CY 3740 / CY 5770 - Systems Security
Welcome to the landing page for CY 3740 / CY 5770. All
formal communications and course materials will be available on the
private course infrastructure. You'll get access to that after your
first class. In the meantime, here's a quick introduction.
You can reach me at the address you see on your left, but I'm
creating this page so that you don't have to go through the
scarring experience of writing a stiff email to a professor. Everything
you need to know about this course is below. Please pretend that this is
a formal syllabus.
So what's the big deal?
This course will teach you security. All of it.
I realize that's an ambitious goal for a 4-month stint. You won't have
become a leet hacker by the end, but you'll be equipped with all the
fundamentals to go down the security rabbit hole as deep as you wish.
If you pursue a career in security, you must take and
ace this course. If you want to do something else with your life, it's
still a mighty good idea to take it. Security has
become a topic you can't avoid no matter what career path you
choose. You'll thank me when you get your paycheck.
The course has two components: classes and
challenges.
Classes are just so much fun it's beyond belief, I
can't express it with words, you need to come and see for
yourself. Be absolutely sure that you make it. There is no
security book that neatly covers this material; you'll be lost if you
don't attend classes. If you can't be present, do not
sign up, you have been warned. Sporadic absence is okay.

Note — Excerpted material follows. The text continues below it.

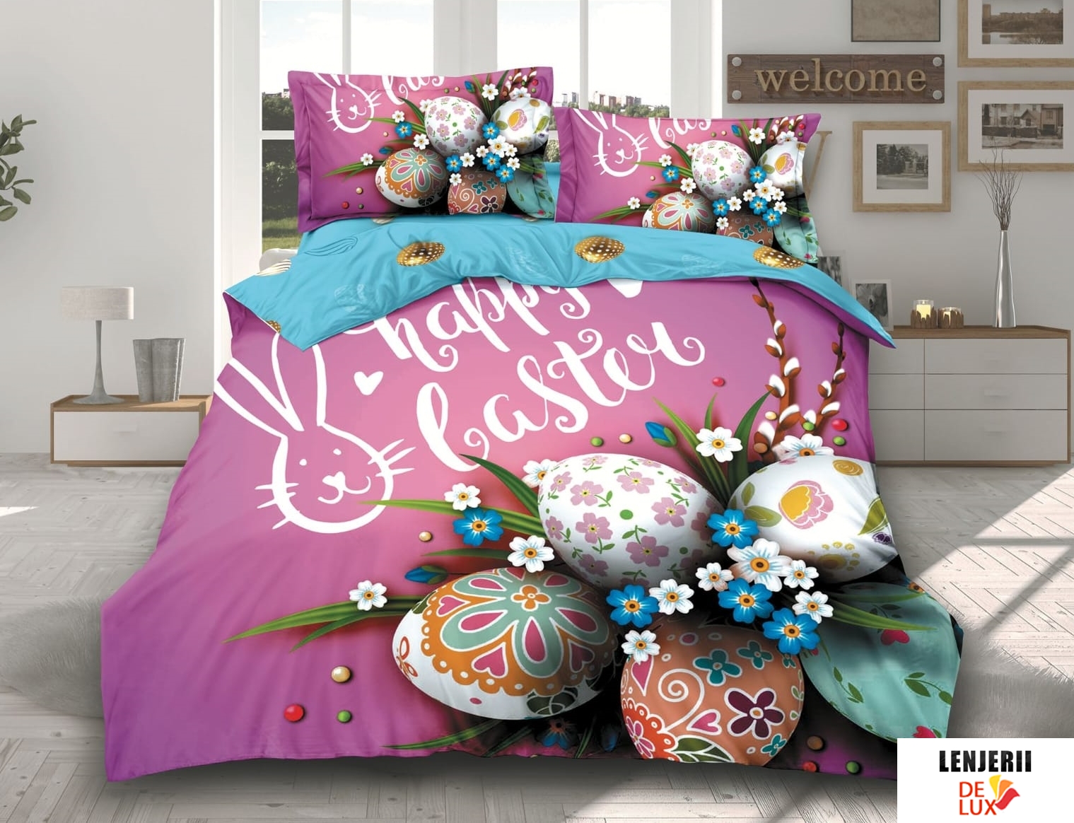 Colectie speciala de Paste! Lenjerii de pat cu iepurasi si oua de Paste din finet formate din 6 piese oferita de magazinul online Lenjerii de lux.

Challenges are like homework but way more
spectacular. I give you something to break, you do that, everything gets
graded automatically, you get infinite tries until you succeed, and when
you're done you know you're done. If you do CTFs, you know the
drill. There is no report to write, no paper to submit, no stressful
wait for grades. It's fast and fun. There'll be a new challenge every
week, keeping you on your toes, but they're very lean so that you don't
waste your time with the unfun overhead.
Here comes the important part.
Classes are good fun, but merely showing up and listening to me ramble
on about security won't get you far. Challenges require
an investment on your part. The first time you see a challenge you may
experience a fleeting WTF? sensation. It won't be a mindless
application of the lecture, you'll need to research and practice the
subject matter on your own, maybe learn tools I've never shown you.
This is designed to give you a real-life security professional
experience. You'll write real exploits and break very realistic
applications. Okay, the applications are crap, but the vulnerabilities
are directly adapted from real-life cases. Many security professionals
start and end their careers without having exploited a single XSS or
buffer overflow vulnerability. This is not a knock on them, but after
completing this course, you'll be in a different league. No exploit
plays out like the examples in a textbook. The challenges capture that
well, you need to keep calm and apply your hacker toolset to the
circumstances.
We approach things from an attacker's perspective most of the time—this
is not necessarily the way to think about security, but this is
often the component missing in a typical CS curriculum. I'll make you
recognize bad code and bad design. I'll have you constantly break things
in a safe environment, so that you get sick of it by the time we're
done, and spend the rest of your life making the world secure. That last
part wasn't a joke. Ethical hacking is a concept you'll
hear a whole lot in my class. Thinking like an attacker is an asset,
acting like one is a crime. If you start getting rowdy on the Internet,
I won't hesitate to call the cops on you.
Expect 10 main challenges. Add another 5, optional, but more
quirky. There's plenty of extra points to score, but it's perfectly fine
if you don't want the extras, an "A" is very doable without
them. Bonuses give you wiggle room to get a top grade even if you miss a
few things.
There are 2 exams. Exams are often boring, and therefore I make them
fun, and in the process impose more WTF? moments on
students. To avoid that we might have a few short quizzes in the same
format, so that y'all are prepared for what's coming.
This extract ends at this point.